┌────────

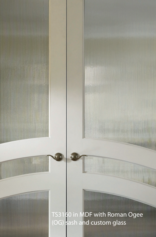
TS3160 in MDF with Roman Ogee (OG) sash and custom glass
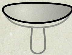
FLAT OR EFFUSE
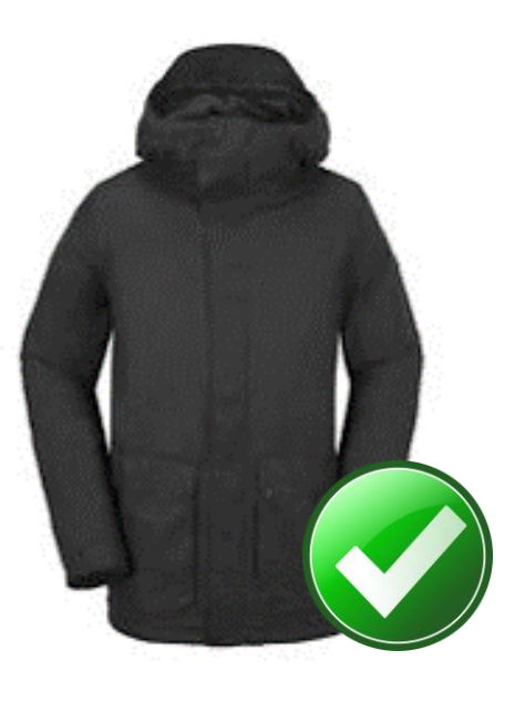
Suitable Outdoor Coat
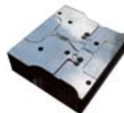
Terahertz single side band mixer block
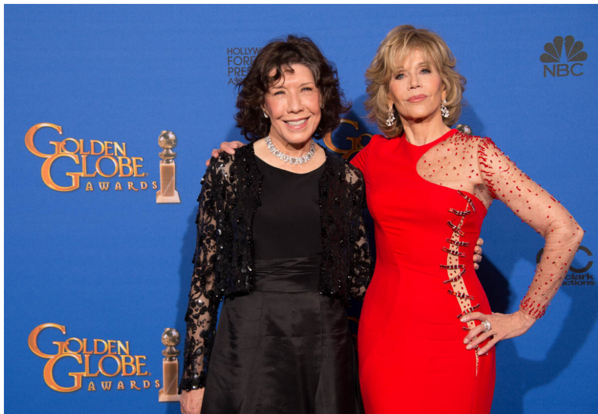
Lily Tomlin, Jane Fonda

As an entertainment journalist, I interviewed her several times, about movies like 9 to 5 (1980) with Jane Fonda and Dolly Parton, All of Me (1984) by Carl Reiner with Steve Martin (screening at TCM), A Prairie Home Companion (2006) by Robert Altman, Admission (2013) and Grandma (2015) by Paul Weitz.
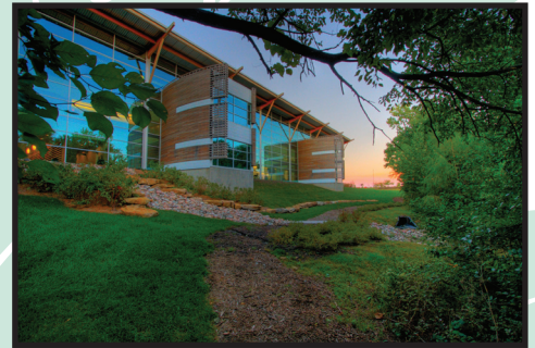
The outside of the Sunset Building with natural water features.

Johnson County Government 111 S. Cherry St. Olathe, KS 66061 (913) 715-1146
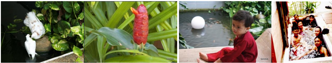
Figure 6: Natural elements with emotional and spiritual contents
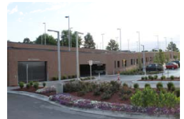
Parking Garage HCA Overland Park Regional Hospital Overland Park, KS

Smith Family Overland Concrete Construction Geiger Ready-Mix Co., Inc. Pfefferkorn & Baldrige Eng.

└────────
┌────────

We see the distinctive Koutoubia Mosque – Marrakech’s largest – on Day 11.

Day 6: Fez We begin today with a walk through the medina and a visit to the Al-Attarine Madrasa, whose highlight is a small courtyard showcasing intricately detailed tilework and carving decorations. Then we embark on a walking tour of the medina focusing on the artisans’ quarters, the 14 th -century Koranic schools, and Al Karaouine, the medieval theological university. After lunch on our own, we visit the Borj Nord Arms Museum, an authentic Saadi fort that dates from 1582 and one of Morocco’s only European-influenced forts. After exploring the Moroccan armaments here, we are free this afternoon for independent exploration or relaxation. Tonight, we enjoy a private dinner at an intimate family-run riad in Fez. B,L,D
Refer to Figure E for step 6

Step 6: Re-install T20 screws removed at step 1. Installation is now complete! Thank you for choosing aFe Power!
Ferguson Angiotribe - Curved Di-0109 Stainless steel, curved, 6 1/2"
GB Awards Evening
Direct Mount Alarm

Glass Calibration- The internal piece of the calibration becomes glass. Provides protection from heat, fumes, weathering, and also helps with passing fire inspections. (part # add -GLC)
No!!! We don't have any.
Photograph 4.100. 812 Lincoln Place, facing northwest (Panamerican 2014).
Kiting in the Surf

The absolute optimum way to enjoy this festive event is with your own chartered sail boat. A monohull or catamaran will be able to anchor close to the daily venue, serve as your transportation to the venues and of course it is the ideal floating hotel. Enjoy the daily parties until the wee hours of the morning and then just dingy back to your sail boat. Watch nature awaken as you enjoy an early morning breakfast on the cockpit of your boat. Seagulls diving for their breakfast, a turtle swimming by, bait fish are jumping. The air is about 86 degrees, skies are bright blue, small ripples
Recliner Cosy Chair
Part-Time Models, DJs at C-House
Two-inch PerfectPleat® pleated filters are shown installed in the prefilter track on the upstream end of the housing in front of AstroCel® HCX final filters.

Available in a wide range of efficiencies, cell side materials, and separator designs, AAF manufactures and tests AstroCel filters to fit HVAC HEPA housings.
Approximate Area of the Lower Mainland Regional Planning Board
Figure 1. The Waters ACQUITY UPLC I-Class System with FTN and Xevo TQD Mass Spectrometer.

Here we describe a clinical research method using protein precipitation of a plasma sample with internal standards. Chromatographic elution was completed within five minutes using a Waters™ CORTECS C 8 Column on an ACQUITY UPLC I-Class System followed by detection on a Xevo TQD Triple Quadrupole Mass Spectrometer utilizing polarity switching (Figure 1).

└────────
┌────────

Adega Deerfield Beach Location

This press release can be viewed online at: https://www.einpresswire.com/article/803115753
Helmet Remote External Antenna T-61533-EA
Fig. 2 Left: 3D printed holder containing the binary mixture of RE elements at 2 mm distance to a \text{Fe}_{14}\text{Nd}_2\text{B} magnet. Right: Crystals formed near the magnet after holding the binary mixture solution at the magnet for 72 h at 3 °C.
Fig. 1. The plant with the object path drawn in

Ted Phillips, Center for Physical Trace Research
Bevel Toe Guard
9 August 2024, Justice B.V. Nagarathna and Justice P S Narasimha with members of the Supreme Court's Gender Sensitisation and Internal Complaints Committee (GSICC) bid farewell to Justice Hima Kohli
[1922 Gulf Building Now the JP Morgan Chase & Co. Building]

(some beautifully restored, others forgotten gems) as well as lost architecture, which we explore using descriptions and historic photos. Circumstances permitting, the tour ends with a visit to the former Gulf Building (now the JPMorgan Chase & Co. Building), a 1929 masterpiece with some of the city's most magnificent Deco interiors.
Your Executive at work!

└────────

Problem details: Of the entries above, transcribe exactly those lines that fall between the line containing "The absolute optimum" and the line containing "Available in a", together with those two lines.

Response to this task:
The absolute optimum way to enjoy this festive event is with your own chartered sail boat. A monohull or catamaran will be able to anchor close to the daily venue, serve as your transportation to the venues and of course it is the ideal floating hotel. Enjoy the daily parties until the wee hours of the morning and then just dingy back to your sail boat. Watch nature awaken as you enjoy an early morning breakfast on the cockpit of your boat. Seagulls diving for their breakfast, a turtle swimming by, bait fish are jumping. The air is about 86 degrees, skies are bright blue, small ripples
Recliner Cosy Chair
Part-Time Models, DJs at C-House
Two-inch PerfectPleat® pleated filters are shown installed in the prefilter track on the upstream end of the housing in front of AstroCel® HCX final filters.

Available in a wide range of efficiencies, cell side materials, and separator designs, AAF manufactures and tests AstroCel filters to fit HVAC HEPA housings.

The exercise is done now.